As janelas abriam e fechavam sozinhas: ninguém precisava pedir ou mandá- las fazerem absolutamente nada. Eram janelas com um olhar límpido e inteligente. As portas só se mexiam quando algo as aborrecia como uma injustiça. Se ficassem sabendo, batiam todas de uma vez sem perdão, só depois perguntavam quem era o dono da chateação. Também não gostavam de mentira não, só se fossem essas de mexer com a imaginação – do contrário não.

O teto era como uma tela de cinema que passava tudo que a gente tinha pensado de nós, dos outros e os outros de nós e deles mesmos, mas como ninguém sabia que ordem era do que, parecia sonho daqueles com muito absurdo e emoção, mas que não encaixa nada, sem pé nem cabeça, feito de pura conexão.

Os espelhos apareciam em canto de parede para as aranhas vaidosas que gostam de passar batom escondidas. Baratas e formigas já não havia: as formigas de tanto comer açúcar acabaram enlouquecendo e, não aguentando tanta medicação forte para conter a loucura, saíram pelo mundo até onde a vista já não mais alcança. E as baratas tinham depressões fortíssimas, pois tinham morado muitos anos em um apartamento quase sem iluminação e pouco ventilado e decidiram se mudar para um pé de uma laranjeira logo ali na frente atravessando a rua em frente da casa mesmo.

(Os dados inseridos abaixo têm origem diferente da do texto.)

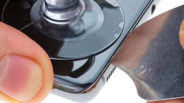 - vytiahnite prísavku konštantným tlakom, aby ste vytvorili miernu medzeru medzi zadným krytom a rámom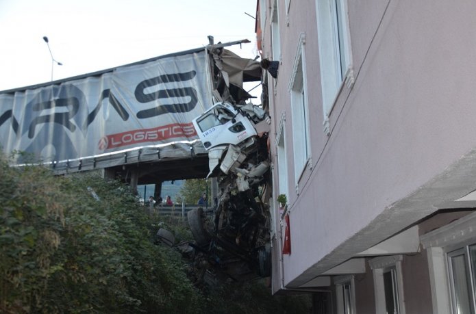 Potrivit presei locale, șoferul unui TIR a pierdut controlul volanului și a intrat cu toată viteza într-un apartament situat la etajul doi al unui bloc din orașul Karamürsel, regiunea Kocaeli.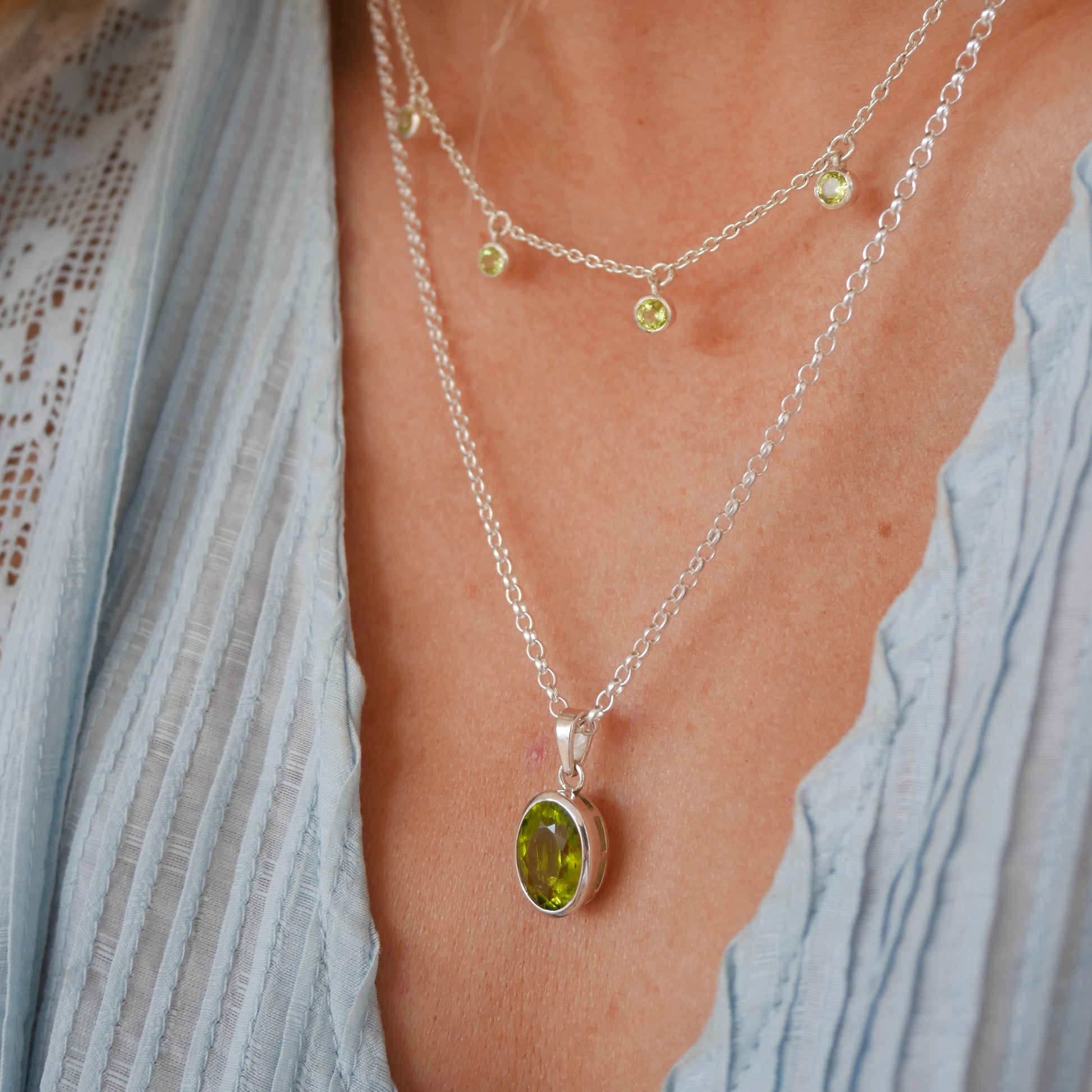 925 Sterling Silver pendant featuring a faceted oval cut Peridot gemstone set in an open back bezel with light slits to really enhance the stone and help it catch the light. Finished on a 925 Sterling Silver belcher chain, measuring 18" in length.

O chão cada dia da semana era de uma cor do arco-íris, mas quando alguém se percebia em seu processo profundo de individuação, ficava transparente - tal como a atitude da pessoa que buscava seu autoconhecimento. Transparente mostrando todas as fiações e encanamentos que passavam por dentro da casa como um mínimo, mas não pouco importante momento breve de lucidez.

E dentro dos armários, principalmente nos de roupa, moravam tecidos de um tipo bem singular: eram os dançarinos e artistas de teatro e circo. Gostavam de trocar de lugar constantemente um com o outro, mesmo sabendo que cada um tem seu jeito de criar, gostavam de sentir muitas coisas diferentes numa só vida, quase como se fosse possível, estar em muitos corpos e enredos numa só encarnação. Mas, não falavam nada sobre religião, gostavam mais de dar piruetas, cambalhotas e se pendurarem nos cachecóis – onde interpretavam Rapunzel, Romeu e Julieta, aprendiam um giro novo que ainda não tinham visto ou aprendido em lugar nenhum, mas também não conseguiam repetir para mostrar para ninguém porque saiu sem querer, numa distração feita de devaneio momentâneo.

As lâmpadas eram feitas de palavras que tinham virado silêncio por excesso de emoção – iluminadas ou sombrias. Sendo assim, cada vez que alguém acendia ou apagava uma luz da casa, os visitantes e moradores tinham vontade de tentar a mesma coisa que estavam fazendo de um jeito diferente.

Na área de serviço, o tanque conversava com as roupas molhadas e tentava perceber cada textura e cor, ele se contentava com pequenos gestos e detalhes que ninguém comentava sobre elas. Era ele que avisava quando saía um botão ou quando já era hora de começar a pensar em aposentadoria. E os produtos de limpeza gostavam de se soltar numa borbulha perfumada por alguma fresta da tampa quando ninguém estava vendo.

O telhado era que avisava o relógio quando era hora redonda e também quando era hora de fazer as pazes ou dar um basta em alguma coisa que estava incomodando a boa convivência de todos.

Os passarinhos e os beija-flores faziam buraquinhos entre uma e outra palavra dita para que ninguém parasse de cantar – nem na tristeza e nem na alegria, era assim que eles cuidavam para que não faltasse água na casa.

Era uma casa onde cabia tudo e qualquer coisa. Como um autoretrato que foi o outro que fez, mas a gente acha que alguém nos adivinhou. Ou como uma obra de arte que mostra tudo que sente, mas ninguém sabe se é vida pessoal ou um gostar de inventar tudo-e-qualquer-coisa-que-a-gente-acha-que-é-o-outro, mas que, ao fim de contas, fala de si, mas ninguém sabe onde começa e onde termina o artista e o espectador. Casa animada, castelo brincando de adivinhação.